- _What you should do_: Copy the listing exactly; drop the pictures.

──────────

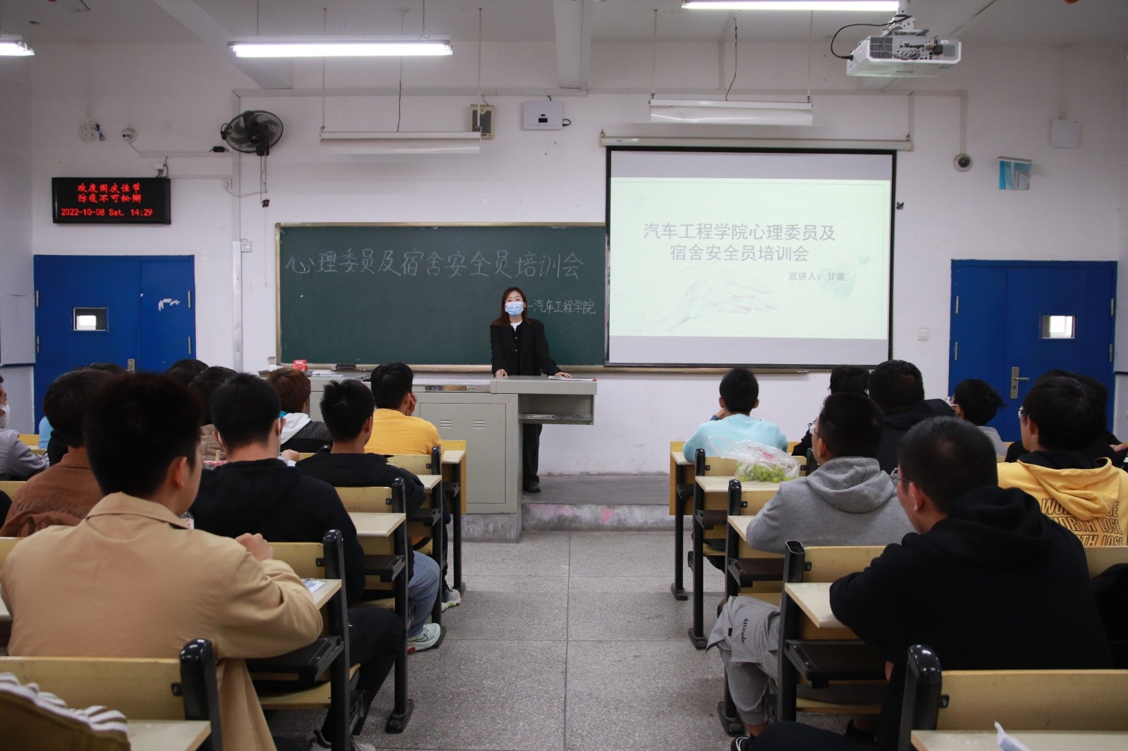 为进一步加强老员工心理健康教育,提高心理委员及宿舍安全员思想认识,促进老员工心理委员队伍建设。10月8日下午,BB贝博艾弗森官网在6212教室开展了心理委员及宿舍安全员培训活动,本次培训会由22级辅导员甘甜主讲,22级全体心理委员与宿舍安全员参加。
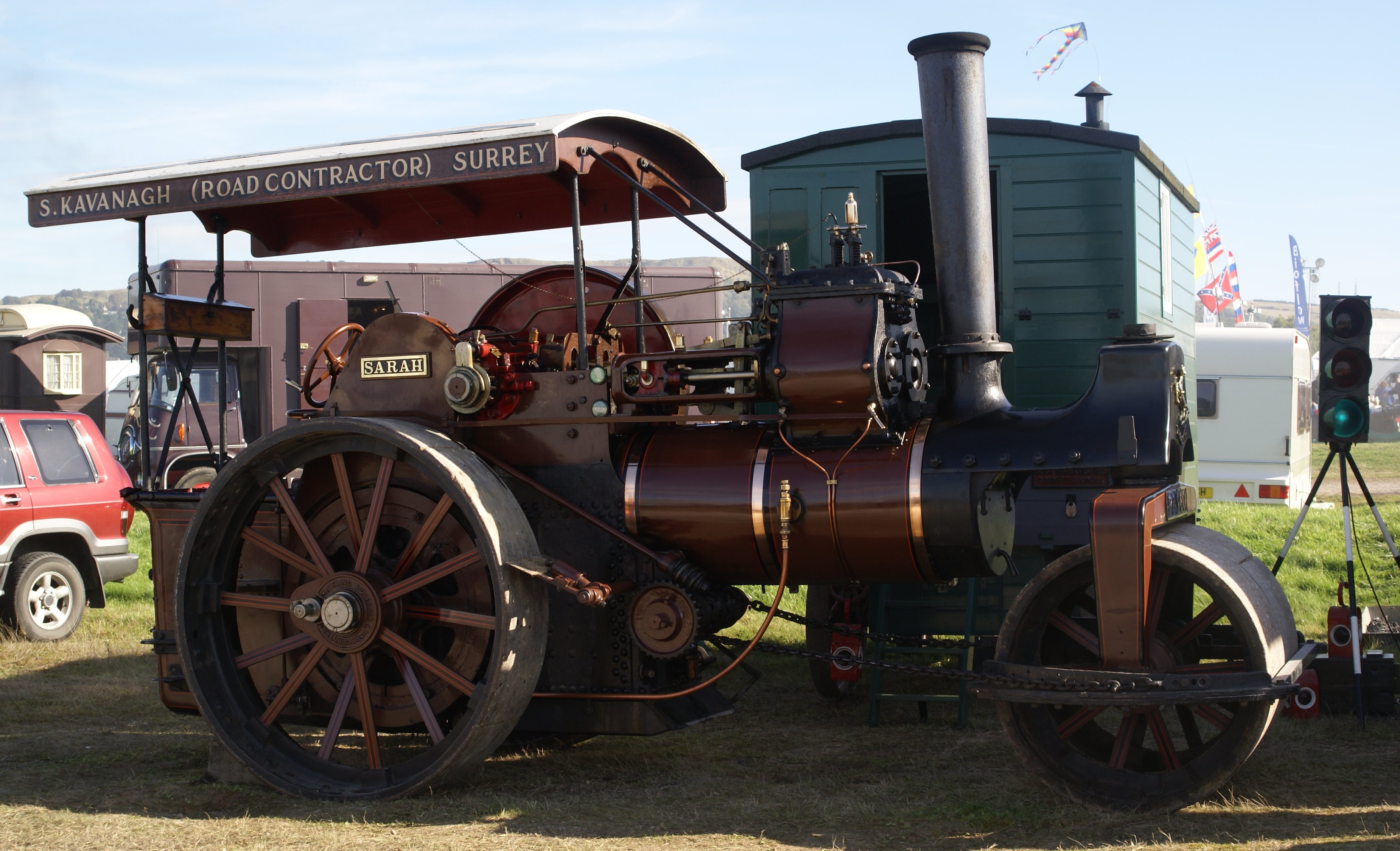 Year of Manufacture: 1894. Owner: Peter Smith. Works No: 3430. Reg. No. PB 9801 Weight: 10 Tons. History: Supplied new to Messrs Stephen Kavangh, of Tolworth, Surrey on 26th September 1894 Worked with them until 1955, and then sold for scrap to J.W. Hardwick of West Ewell in 1957. Saved for preservation in 1968 and originally restored by A.H. Overington in 1970, named Sarah after his daughter, attended its first steam rally in Dorking in 1972. Purchased by the present owner in 1983.between 1990-1996 a major restoration took place including a new fire box. Presented today in the fleet livery of her original owner.
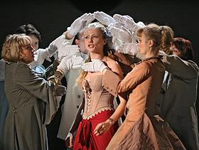 Актриса Мария Миронова (слева) в спектакле по пьесе Жан-Батиста Мольера "Тартюф" в постановке режиссера Владимира Мирзоева. Премьера спектакля состоялась в Московском театре "Ленком".
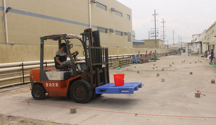 此次叉車比賽在膠原蛋白車間、預(yù)處理車間和倉儲部之間展開激烈角逐,共分為叉車檢查、叉車取放貨物、繞障礙物、掉頭操作等多個項目,不僅考察叉車司機的安全意識、基本功底,還考察誰夠細心、夠耐心、停得準(zhǔn)、速度快。各參賽選手斗志昂揚,“8”字行進、側(cè)方移位、叉車叉卸貨等一系列動作連貫有序,令人目不暇接,比賽氣氛緊張而又熱烈,令現(xiàn)場觀眾大飽眼福。最后倉儲部副經(jīng)理周海養(yǎng)技高一籌,順利奪得比賽的勝利。
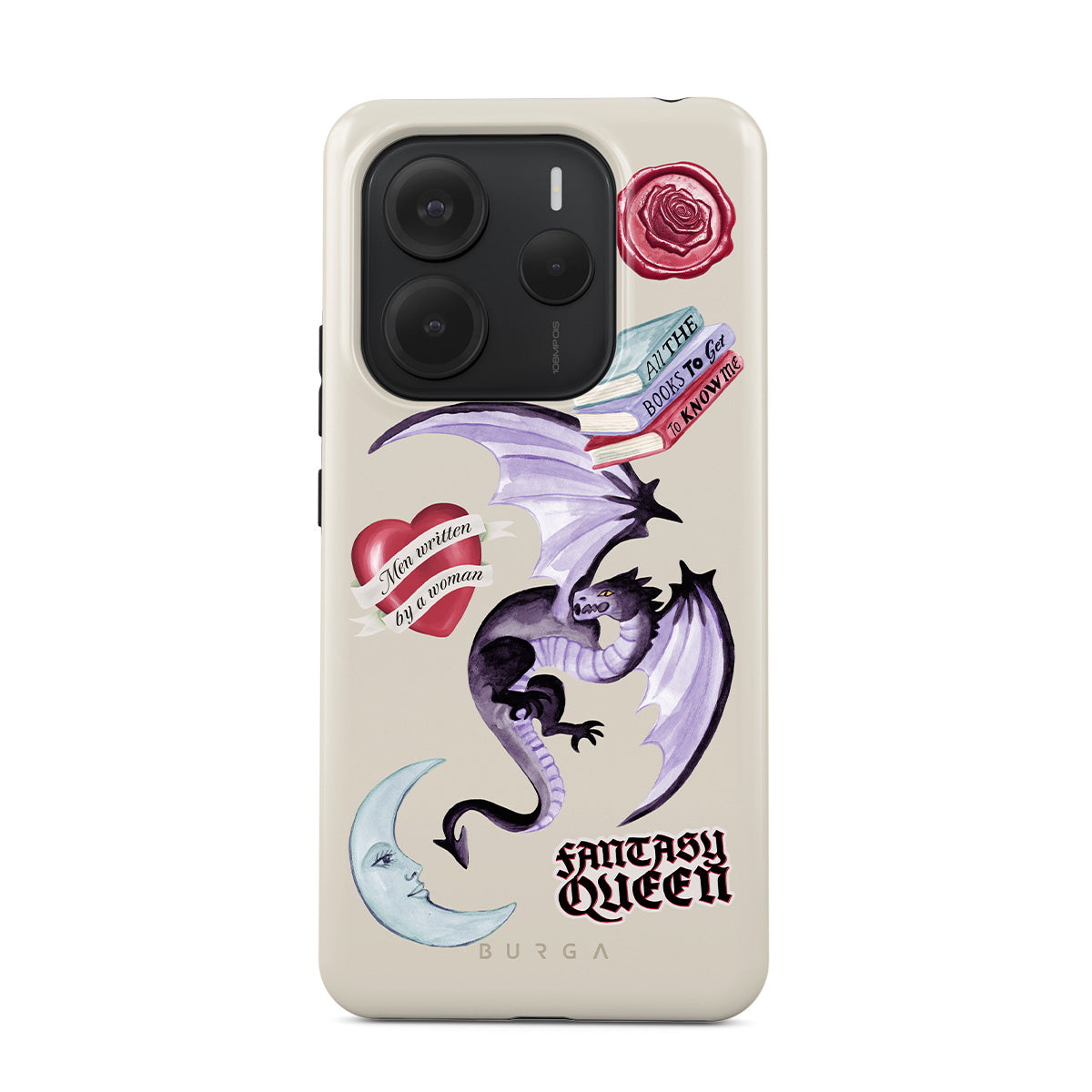 This design features: purple dragon, "Fantasy Queen" sticker, crescent moon, purple wax seal, heart with message, books
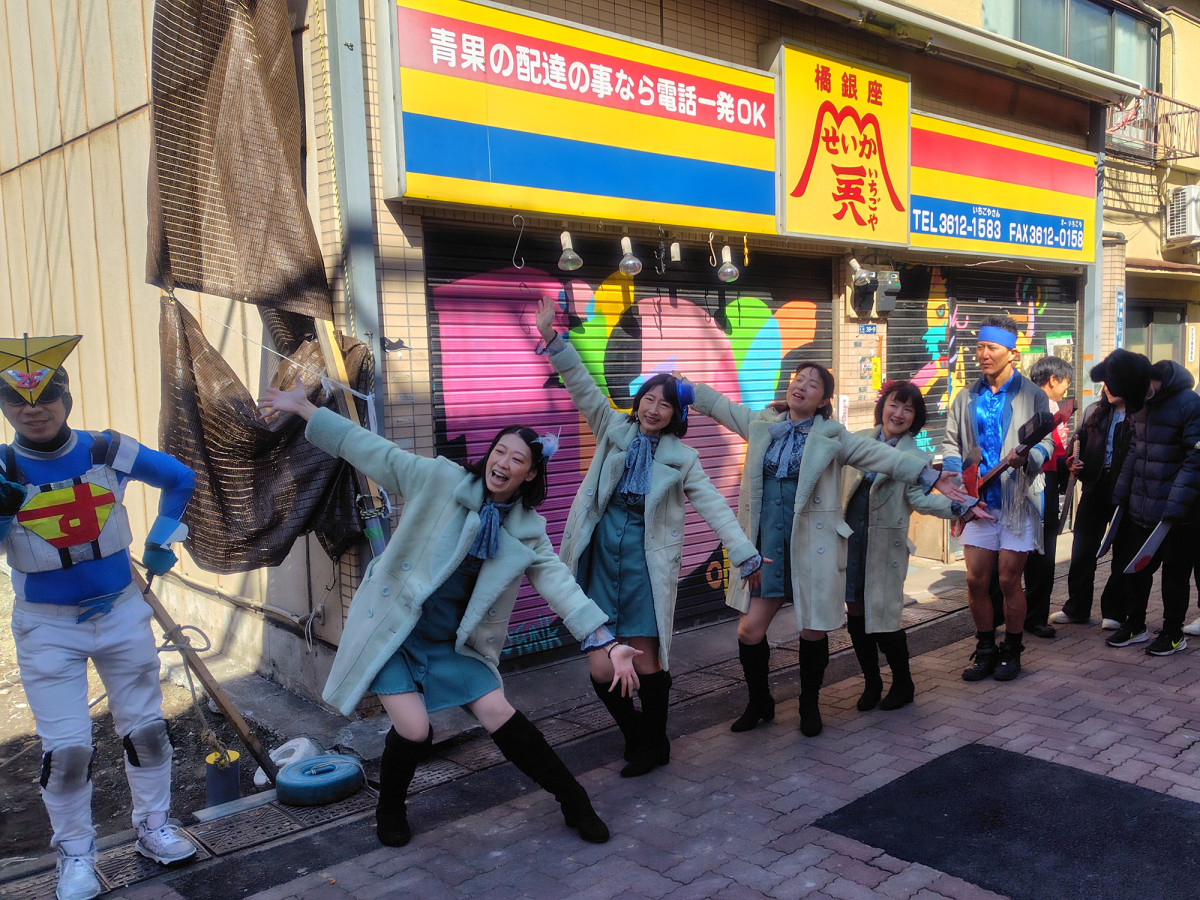 キラキラ橘商店街をパレードする「帰ってきたキューピッドガールズ」とスミダマン
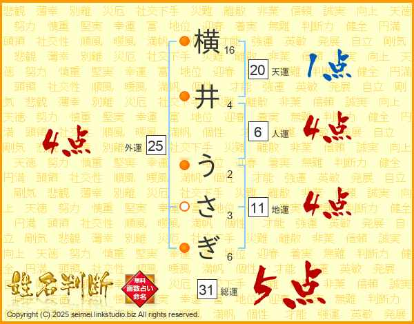 生活面を象徴する運勢です。外部から受ける影響力を表し、結婚運、家庭運や職場、環境への順応性を表します。総運から人運を引いた画数。姓や名が1文字の場合を除く。
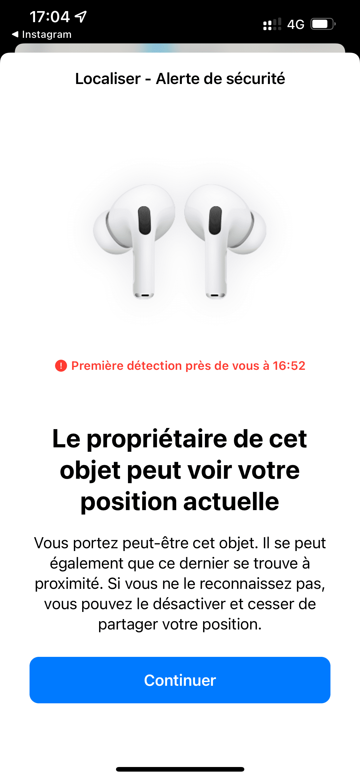 Je dispose d'AirPods Pro et j'ai tous les jours une notification m'informant que des AirPods Pro se déplace avec moi depuis un moment mais c'est bien les miens...
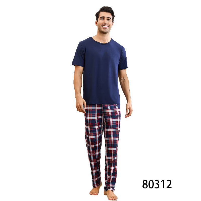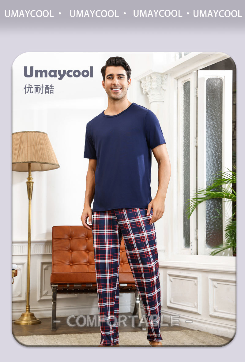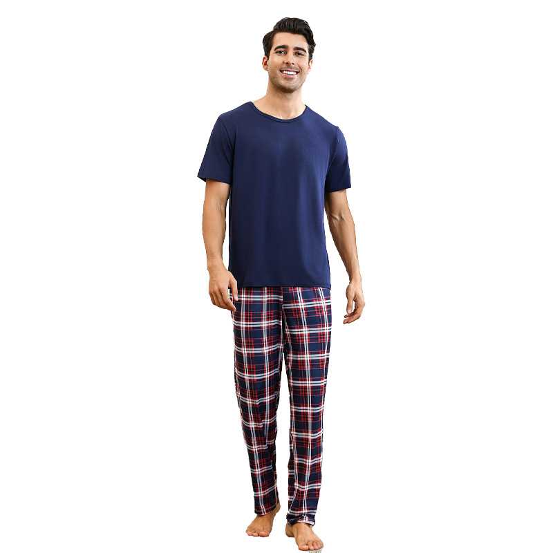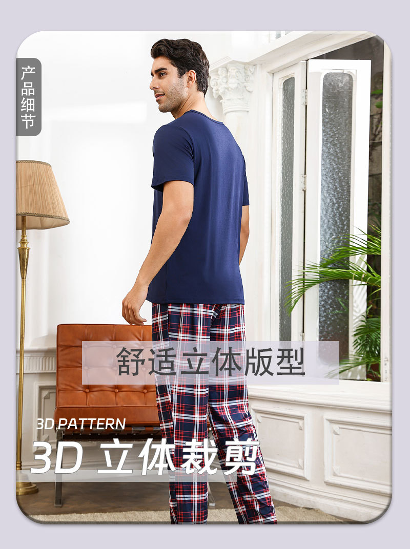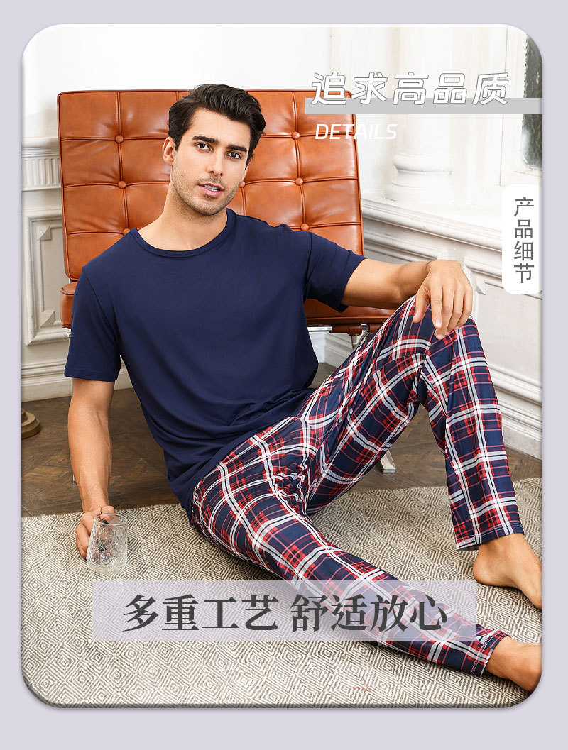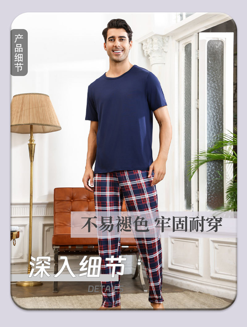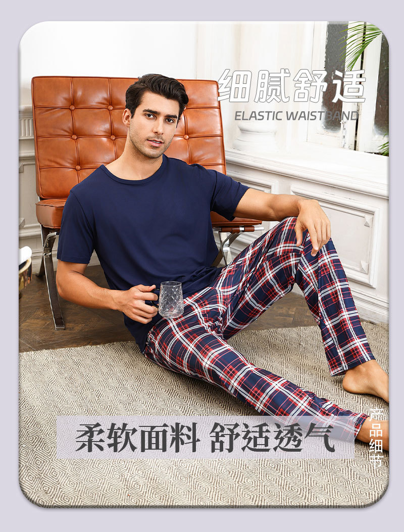 남자 잠옷 남자의 반팔 바지 봄과 가을 플러스 사이즈 잠옷 세트 격자 무늬 인쇄 편안한 통기성 홈 옷스토어 가기
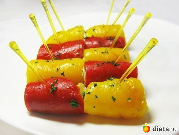 4. На каждую полоску перца выложить по 1 ч. ложке начинки.
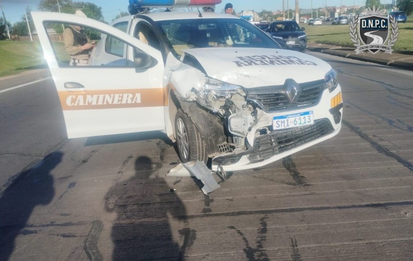 Al llegar a la zona de Santín Carlos Rossi, el vehículo que huía giró en “U”, impactando frontalmente contra un móvil policial.

──────────

- _Response to the exercise_:
 为进一步加强老员工心理健康教育,提高心理委员及宿舍安全员思想认识,促进老员工心理委员队伍建设。10月8日下午,BB贝博艾弗森官网在6212教室开展了心理委员及宿舍安全员培训活动,本次培训会由22级辅导员甘甜主讲,22级全体心理委员与宿舍安全员参加。
 Year of Manufacture: 1894. Owner: Peter Smith. Works No: 3430. Reg. No. PB 9801 Weight: 10 Tons. History: Supplied new to Messrs Stephen Kavangh, of Tolworth, Surrey on 26th September 1894 Worked with them until 1955, and then sold for scrap to J.W. Hardwick of West Ewell in 1957. Saved for preservation in 1968 and originally restored by A.H. Overington in 1970, named Sarah after his daughter, attended its first steam rally in Dorking in 1972. Purchased by the present owner in 1983.between 1990-1996 a major restoration took place including a new fire box. Presented today in the fleet livery of her original owner.
 Актриса Мария Миронова (слева) в спектакле по пьесе Жан-Батиста Мольера "Тартюф" в постановке режиссера Владимира Мирзоева. Премьера спектакля состоялась в Московском театре "Ленком".
 此次叉車比賽在膠原蛋白車間、預(yù)處理車間和倉儲部之間展開激烈角逐,共分為叉車檢查、叉車取放貨物、繞障礙物、掉頭操作等多個項目,不僅考察叉車司機的安全意識、基本功底,還考察誰夠細心、夠耐心、停得準(zhǔn)、速度快。各參賽選手斗志昂揚,“8”字行進、側(cè)方移位、叉車叉卸貨等一系列動作連貫有序,令人目不暇接,比賽氣氛緊張而又熱烈,令現(xiàn)場觀眾大飽眼福。最后倉儲部副經(jīng)理周海養(yǎng)技高一籌,順利奪得比賽的勝利。
 This design features: purple dragon, "Fantasy Queen" sticker, crescent moon, purple wax seal, heart with message, books
 キラキラ橘商店街をパレードする「帰ってきたキューピッドガールズ」とスミダマン
 生活面を象徴する運勢です。外部から受ける影響力を表し、結婚運、家庭運や職場、環境への順応性を表します。総運から人運を引いた画数。姓や名が1文字の場合を除く。
 Je dispose d'AirPods Pro et j'ai tous les jours une notification m'informant que des AirPods Pro se déplace avec moi depuis un moment mais c'est bien les miens...
 남자 잠옷 남자의 반팔 바지 봄과 가을 플러스 사이즈 잠옷 세트 격자 무늬 인쇄 편안한 통기성 홈 옷스토어 가기
 4. На каждую полоску перца выложить по 1 ч. ложке начинки.
 Al llegar a la zona de Santín Carlos Rossi, el vehículo que huía giró en “U”, impactando frontalmente contra un móvil policial.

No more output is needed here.